- AIM OF THE TASK:
Before you return the lines below, strip out any images and keep every word as written.

- DATASET EXTRACT:
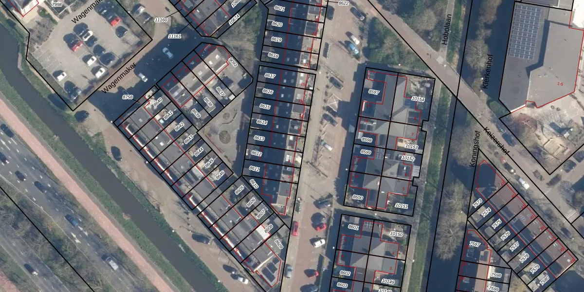 Gebruik de zoekbalk of klik op een perceel voor informatie over de adressen binnen dit perceel.
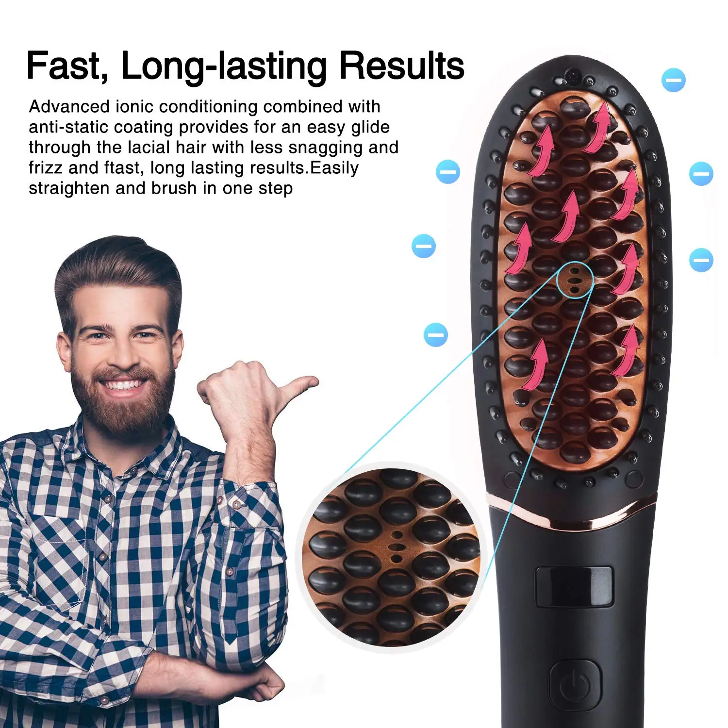 Mini Ceramic Hair Straightener Brush for Women Men Fast Heat Rechargeable Negative Ionic 5 Level Temperature Beard Hair Styler
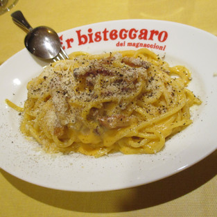 思いの外、なおもお腹に余裕があるので、最後にローマ発祥のパスタ「スパゲッティカルボナーラ」(1620円)を味わった。じっくり炙ったグアンチャーレ(豚ほほ肉の塩漬け)の旨味と香ばしさが、卵の濃厚な味わいと絡み合う。

- ANSWER SECTION:
 Gebruik de zoekbalk of klik op een perceel voor informatie over de adressen binnen dit perceel.
 Mini Ceramic Hair Straightener Brush for Women Men Fast Heat Rechargeable Negative Ionic 5 Level Temperature Beard Hair Styler
 思いの外、なおもお腹に余裕があるので、最後にローマ発祥のパスタ「スパゲッティカルボナーラ」(1620円)を味わった。じっくり炙ったグアンチャーレ(豚ほほ肉の塩漬け)の旨味と香ばしさが、卵の濃厚な味わいと絡み合う。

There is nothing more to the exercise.